Superb place. Love the roof shot, all of you looking out of the loft windows! Great place, good report!


----------



## havoc (Jun 9, 2008)

Splendid work, I heard you got some filthy sites done


----------



## lost (Jun 9, 2008)

At last! Looks very different from our asylums.
With those shades over the windows it gives it a 'holiday camp' vibe. Most odd.


----------



## Reaperman (Jun 9, 2008)

Looks like a great place. It always fantastic to visit foreign sites that are off the beaten track! 

Was this part of a longer UE trip or a random Holiday detour?


----------



## 20vturbo (Jun 9, 2008)

stunning,do you have a flashearth link to this location?


----------



## vanburen (Jun 9, 2008)

great report mate,nice one...


----------



## mr_bones (Jun 9, 2008)

Thank you all for your replies. Yes we got plenty of FILTHY sites in Havoc :-D. 

Reaperman, this is just 1 location of 11! I have decided to do separate reports this year or it could be too much to take in!

20vturbo, sorry but i don't have a flashearth - it was plotted in my friends GPS.


----------



## Reaperman (Jun 9, 2008)

mr_bones said:


> Reaperman, this is just 1 location of 11! I have decided to do separate reports this year or it could be too much to take in!



Thats cool, I'll definitely be looking forward to hearing more about some of the places you've been!


----------



## smileysal (Jun 22, 2008)

What a lovely place, I love the red ceiling in the chapel, and the stained glass windows in there. Nice touch seeing the bike lol. The flat roof is reminisent of a few holiday camps lol. 

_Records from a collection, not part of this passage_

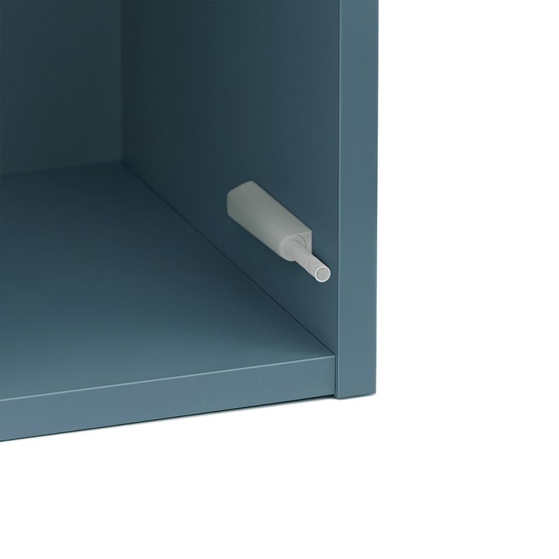 A Leziter petrol kék 1 ajtós Boxie fali szekrény ideális választás tudatos lakberendezőknek, kisebb lakások tulajdonosainak és mindazoknak, akik értékelik a variálható, dekoratív tárolókat.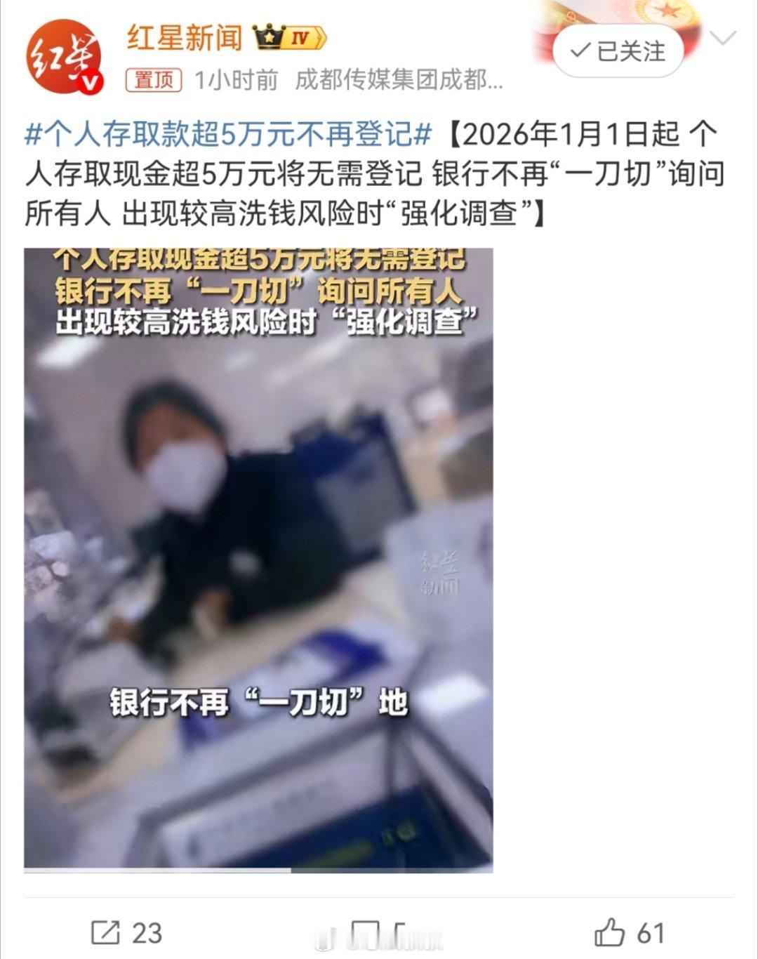 个人存取款超5万元不再登记这个是一个好消息。因为普遍老百姓去存款或者取款,都要被银行职员询问这钱是怎么得来的,要拿去做什么等等。我觉得这种情况只会让过程变得繁琐,防范不了真正有意进行违法犯罪的人,还阻碍了普通百姓的存取款。我觉得只要适度的提醒就好了,如果是被诈骗的中老年人,要进行特别大额的取款,这种行为是很典型和很明显的。不然普通人这点小钱,无非就是两口子工资攒的,用作日常生活花销。现在不用被询问登记太好了,正规合法渠道挣来的一点点辛苦钱,被正儿八经一询问,好像自己做错事了一样。这种感受真的很奇怪 广州
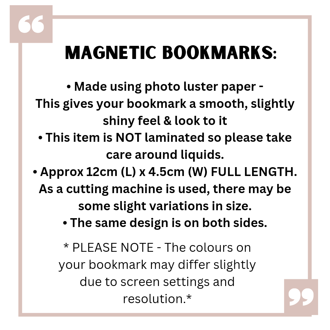 • Bookmark has NOT been laminated so it is NOT WATERPROOF so please take care around liquids.
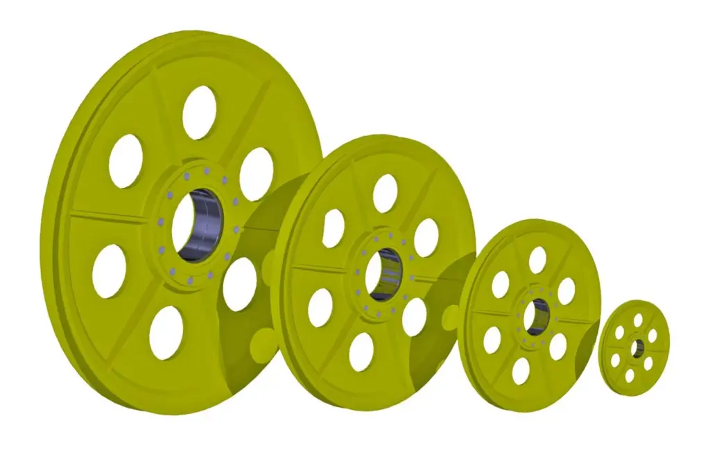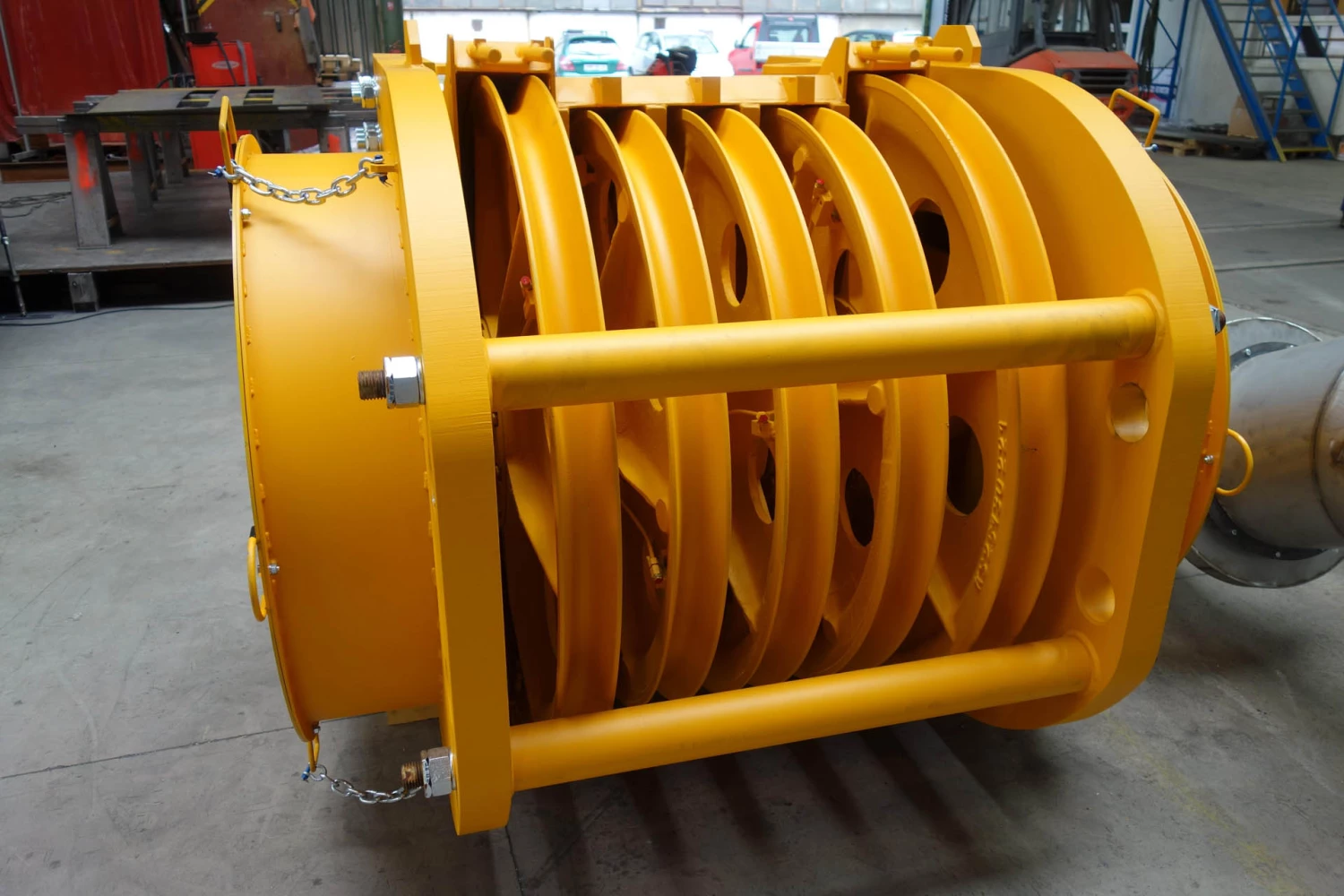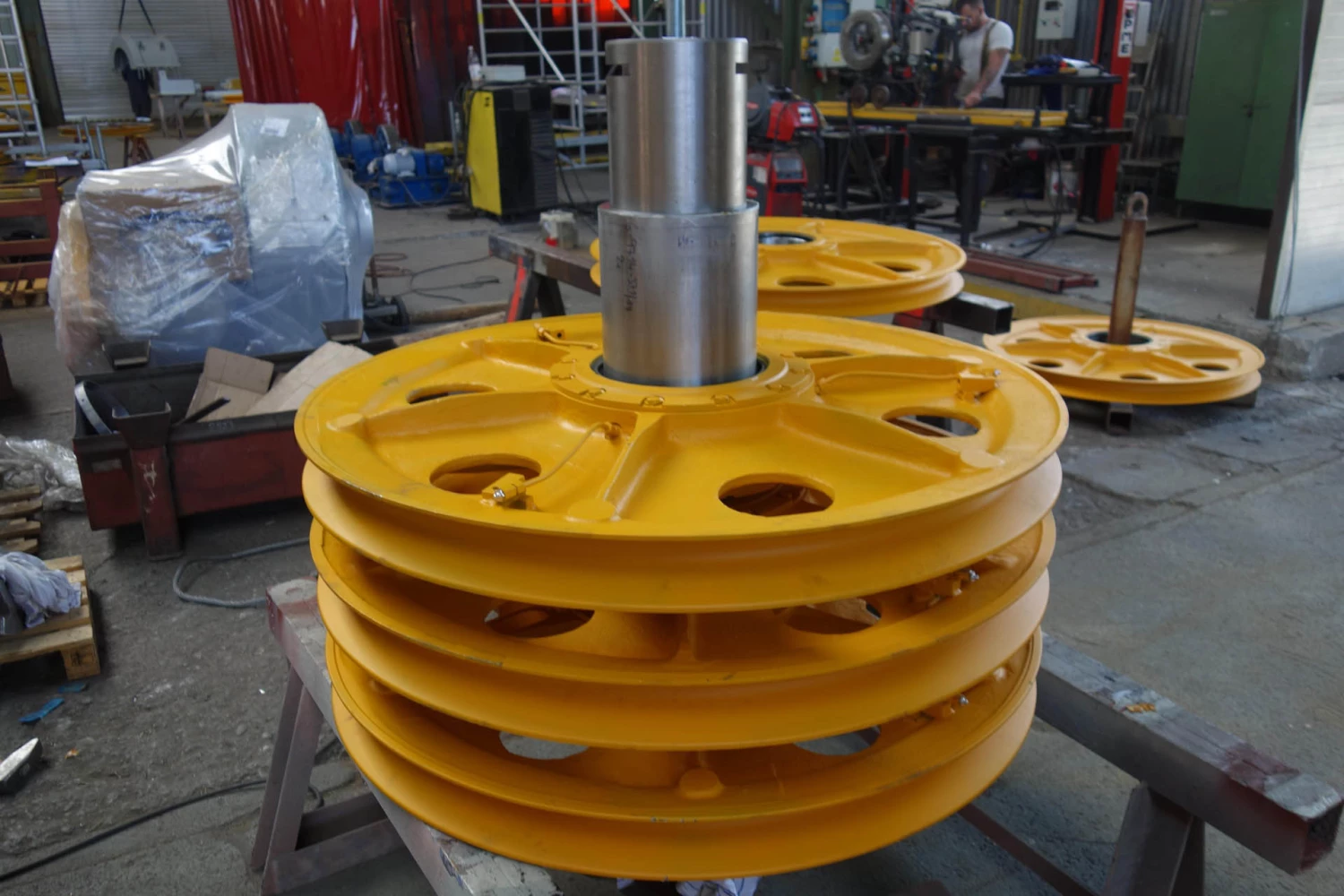 Po hlavních nosnících pojíždí jeřábová kočka, případně je pod nimi podvěšena. Jeřáb pojíždí po ocelových kolejnicích uchycených do betonového tělesa jeřábové dráhy, zabudované v terénu. Elektrické napájení (hlavní trolej) je často řešeno kabelem na kabelovém bubnu, případně trolejí v souběžném kanálu. Ovládání jeřábu je z kabiny, dálkovým ovládáním, případně zavěšeným panelem.

Excellent find Mr B, and excellent pics. Looking forward to seeing all the rest of your reports and pics.

Cheers,

 Sal


----------



## zimbob (Jun 22, 2008)

Immense 

That's an enormous site - days-worth of exploring there!


----------



## Foxylady (Jun 22, 2008)

Love the roof space and the photo of you all looking out of the skylights. Fabulous stuff. More reports from your Europe tour...pleeeeeeeeeeease!


----------



## mr_bones (Jun 22, 2008)

Thanks for then rest of the replies!



Foxylady said:


> . More reports from your Europe tour...pleeeeeeeeeeease!




http://www.derelictplaces.co.uk/main/showthread.php?p=56424#post56424


----------



## indy (Jun 22, 2008)

looking good...can't go wrong with a room full of porn....how was the bath, did you manage to get yourself and your mind clean...lol...


----------



## mr_bones (Jun 22, 2008)

Nice one Indy thinman


----------